If all this sounds rather improbable, pedestrian and highly contrived, believe me, it is. To begin with, the accompanying publisher's blurb suggests that, "This is an enjoyable Christmas story," yet the only hints of Christmas (aside from the aforementioned sleigh bells and hoof beats) are the holly leaves which adorn the front cover and an extremely generalized picture of Santa and his reindeer-drawn sleigh in the last illustration of the book. Aside from this, far more numerous, far more significant inconsistencies abound. For example, though the story opens with the mention of the very recent death of Astra's parents, this traumatic event never again figures in the lives of the characters. Surely, such a shattering experience would affect the child's emotions in some way, particularly during the Christmas season when family gatherings are so much a part of the festivities. As far as the grandmother's relationship with the townsfolk is concerned, we are told how extremely busy she is always kept sewing for women who regard her most highly. If this is so it seems rather remarkable that these same individuals would simply abandon her when she most requires help.
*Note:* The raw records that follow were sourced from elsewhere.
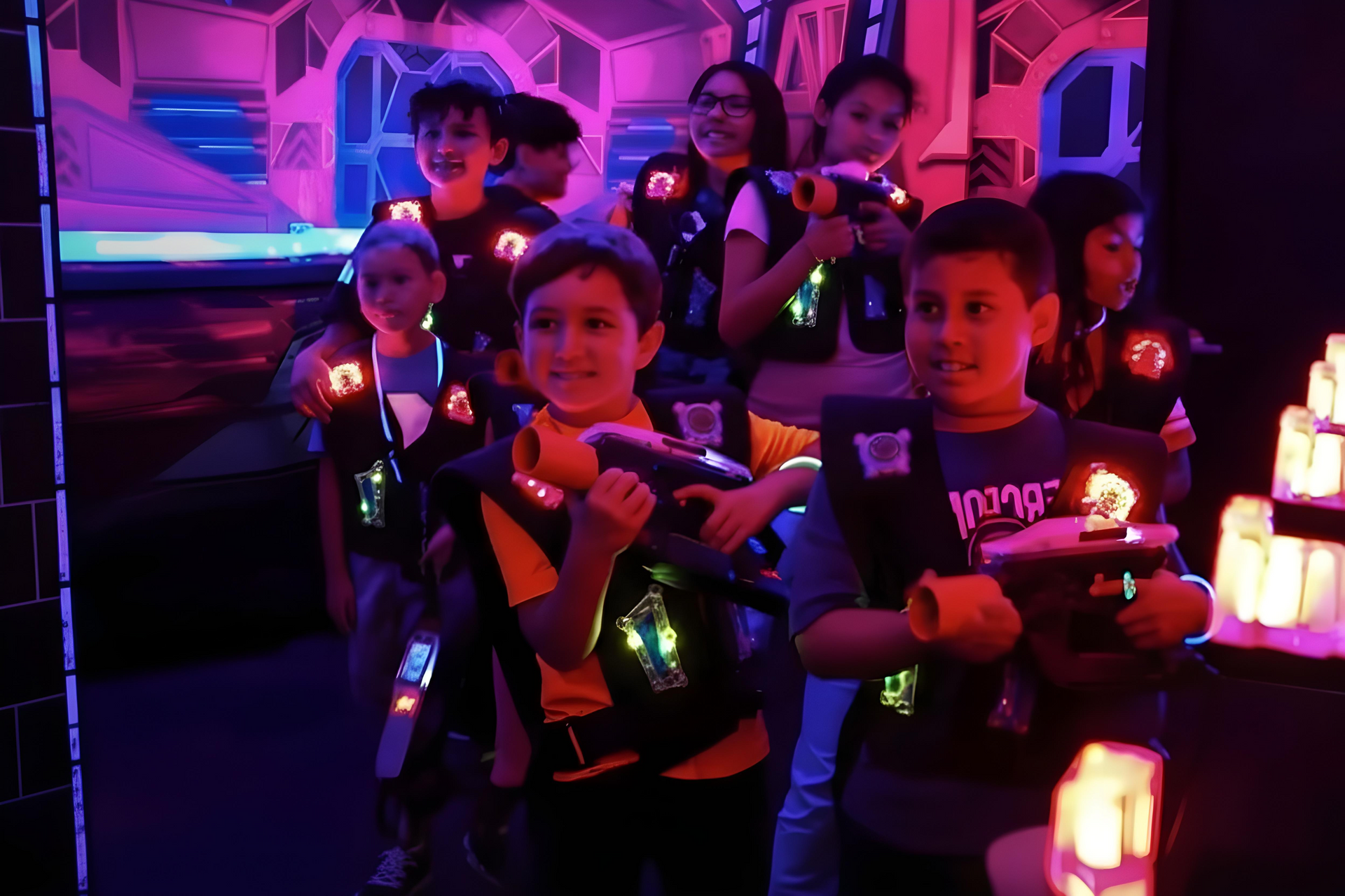 Whether you’re an experienced player or new to the game, our Space Mission Laser Tag promises an exhilarating experience that’s sure to create lasting memories! Are you ready to take on the challenge and light up the galaxy?"
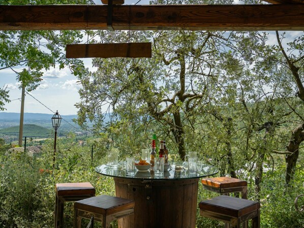 Haus "La Felcaia", 600 m.ü.M.. 2.5 km vom Zentrum von Castiglion Fiorentino, 10 km vom Zentrum von Cortona, 35 km vom See, im Grünen. Zur Mitbenutzung: Grundstück 3 ha, terrassierter Garten (nicht eingezäunt) mit Bäumen. Tischtennis, Pergola (50 m2), Gartenmöbel. Zur Alleinbenutzung: Grundstück 500 m2, terrassierter Garten (eingezäunt) Bäumen, Schwimmbad (11 x 5 m, 90 - 190 cm tief, saisonale Verfügbarkeit: 01.Mai. - 06.Okt.). WC im Poolbereich, Aussendusche, Tischtennis. Im Hause: Tischfussball, Alarmanlage. Parkplatz (für 2 Autos, überdacht) auf dem Grundstück. Einkaufsgeschäft 2.5 km, Supermarkt 3.5 km, Bushaltestelle 500 m, Bahnstation "Castiglion Fiorentino" 3.5 km, Sandstrand "Castiglione della Pescaia" 160 km, Badesee "Lago Trasimeno" 35 km. Golfplatz (9 Loch) 13 km, Wanderwege ab Haus 50 m. Nahe gelegene Sehenswürdigkeiten: Arezzo 25 km, Firenze 100 km, Valdichiana Outlet Village 20 km. Bitte beachten: Fahrzeug empfohlen. Der Besitzer wohnt auf dem gleichen Grundstück.
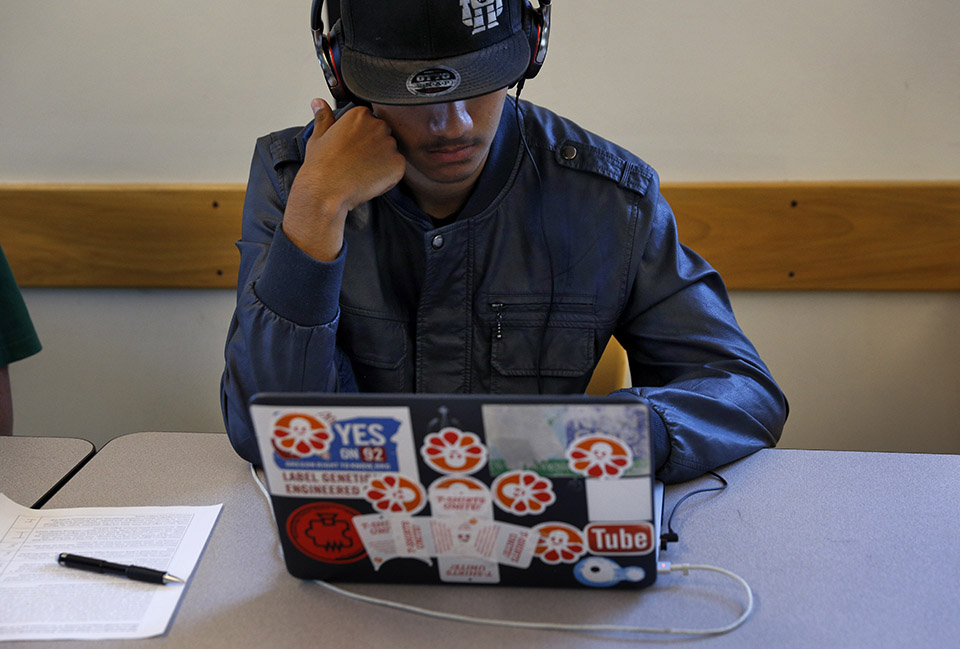 Jenny Macho helps student James Poe during AP English Literature class at Summit Everest Public High School in Redwood City, Calif., Thursday, October 26, 2017. The charter school network is at the forefront of personalized learning and incorporating technology.
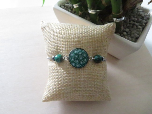 Bracelet Malachite, bracelet en acier inoxydable avec nœud coulissant et cabochon japonais vert émeraude
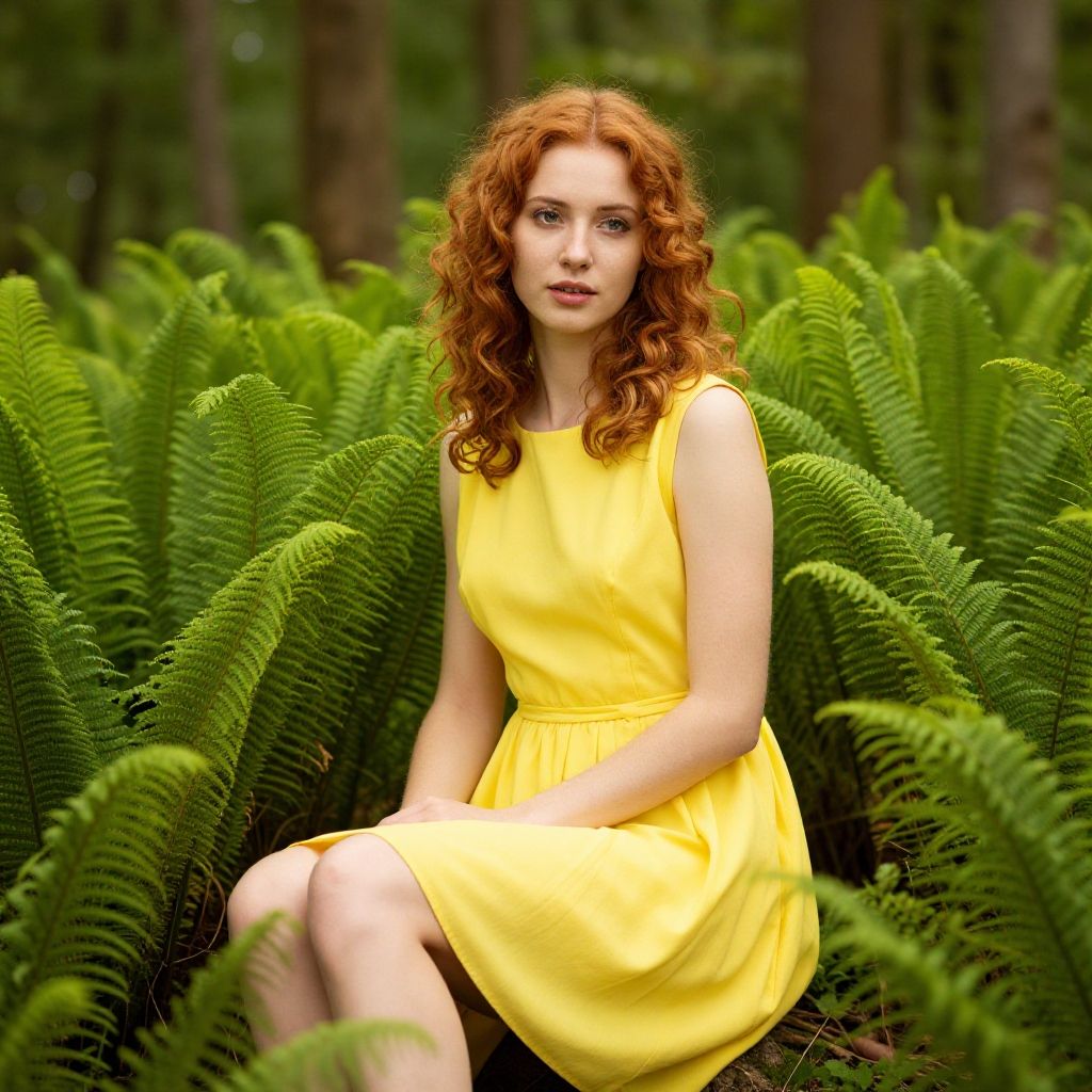 Photograph of a young woman with fair skin and curly red hair, sitting amidst lush green ferns in a forest. She wears a sleeveless, bright yellow dress that contrasts with the greenery. Her expression is calm and she gazes directly at the camera. The ferns frame her on both sides, with blurred tree trunks in the background. The lighting is natural, highlighting her hair and the vibrant color of her dress. The overall composition creates a serene and vibrant natural scene.
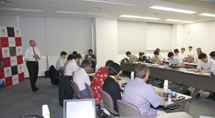 ジョナサン・ドーファン学長、記者懇談会にて。2012年7月3日(東京)
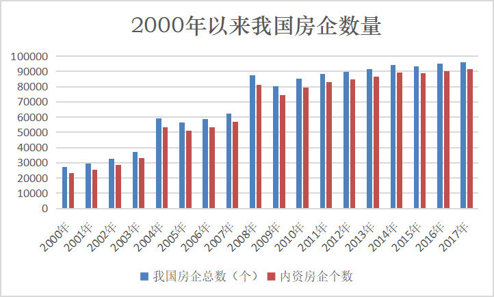 1998年房改之后,我国房企房地产迎来高速发展,房企数量不断增长,根据国家统计局的数据,1998年我国房企24378个,2017年增长到了95897个。
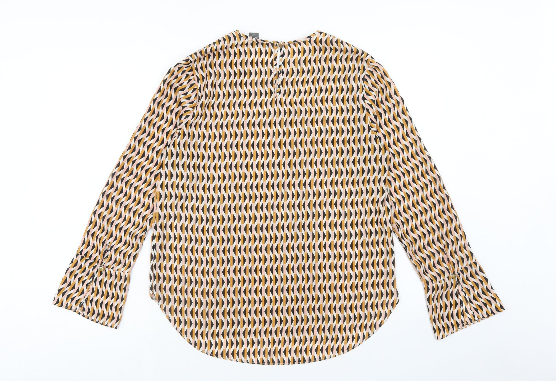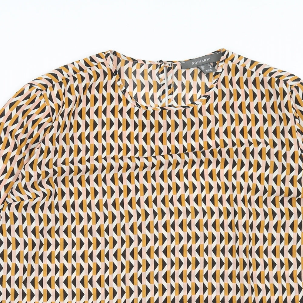 Primark Womens Orange Geometric Polyester Basic Blouse Size 10 Round Neck
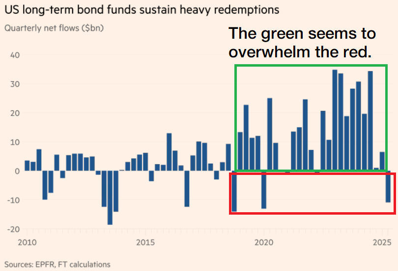 The U.S. 10-year is at 4.34%. I would not want to own 30-year (or 10-year) debt. I can understand buying those as a trade - e.g., you think rate cuts are coming due to a recession or mean Trump tweets - but other than that, nope.

More significantly, Astra herself is simply not a credible character. Many of the illustrations suggest that she is a fairly young child, yet she toils endlessly to complete the various garments, often working throughout the night. While it is quite true that such feats of endurance among the young occur quite frequently in folk and fairy tales, very little, if anything at all, suggests that this is the type of imaginative landscape dealt with here. If fantasy is what the author intends, she fails to provide an ample accretion of tantalizing detail or pattern of genuinely intriguing events to suggest that the magical or the fantastic inhabit Astra's world. Unfortunately, the "treasure chest" and Peppo seem forced rather than fabulous. Furthermore, if Astra is bright enough to learn to sew so quickly and so well and can barely contain her curiosity about the chest, it seems most unlikely that she would express no curiosity or suspicion whatsoever about the wearer of a suit made from velvet "red as ripe cherries" and fur trim "as white as the snow falling outside."

The illustrations match the wooden, stilted text perfectly. While there is nothing inherently unattractive about black and white, here the illustrations seem simply poorly executed, lacking vitality, character and any humour or warmth whatsoever. One glaring fault involves the fact that Astra seems much older in some illustrations than in others. Perhaps most annoying is the fact that the narrative voice often changes from paragraph to paragraph and, at times, within paragraphs. This is all very confusing and simply adds up to nothing but a poorly conceived, disastrously executed picture book. All in all, an exceedingly drab, numbingly unimaginative, stilted concoction. Definitely not recommended!


Patrick Dunn, University of British Columbia, Vancouver, B.C.